═════ Supplied entries

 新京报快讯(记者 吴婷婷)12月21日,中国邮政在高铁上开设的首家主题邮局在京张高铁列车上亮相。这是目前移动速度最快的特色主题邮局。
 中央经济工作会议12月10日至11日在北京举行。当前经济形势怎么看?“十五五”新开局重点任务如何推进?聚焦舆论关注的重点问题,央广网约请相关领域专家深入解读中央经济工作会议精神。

══════════
═════ Supplied entries

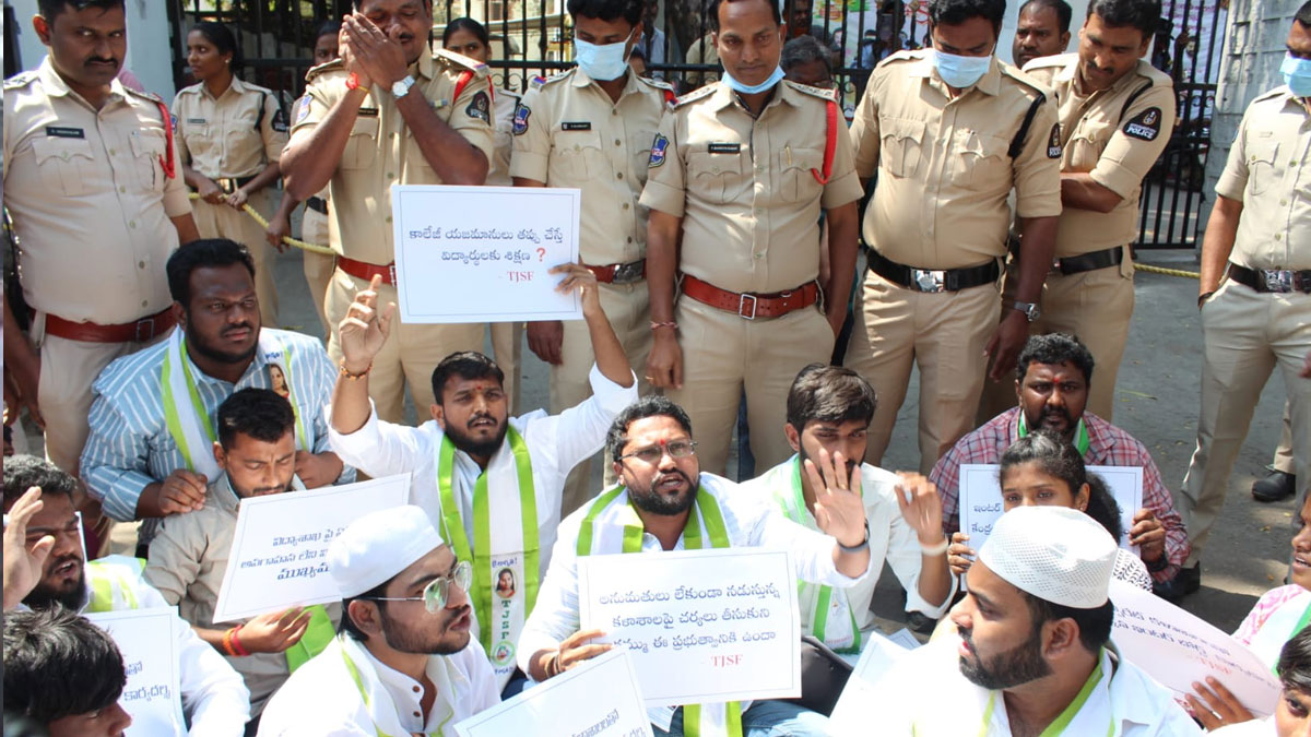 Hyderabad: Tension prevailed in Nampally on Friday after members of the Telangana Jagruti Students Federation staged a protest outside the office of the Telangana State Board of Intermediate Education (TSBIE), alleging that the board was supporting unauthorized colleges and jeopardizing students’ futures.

══════════

An exact, complete copy of the lines above from the one with "新京报快讯(记者 吴婷婷)1" through the one with "中央经济工作会议12月10日" is the whole answer.

 新京报快讯(记者 吴婷婷)12月21日,中国邮政在高铁上开设的首家主题邮局在京张高铁列车上亮相。这是目前移动速度最快的特色主题邮局。
 中央经济工作会议12月10日至11日在北京举行。当前经济形势怎么看?“十五五”新开局重点任务如何推进?聚焦舆论关注的重点问题,央广网约请相关领域专家深入解读中央经济工作会议精神。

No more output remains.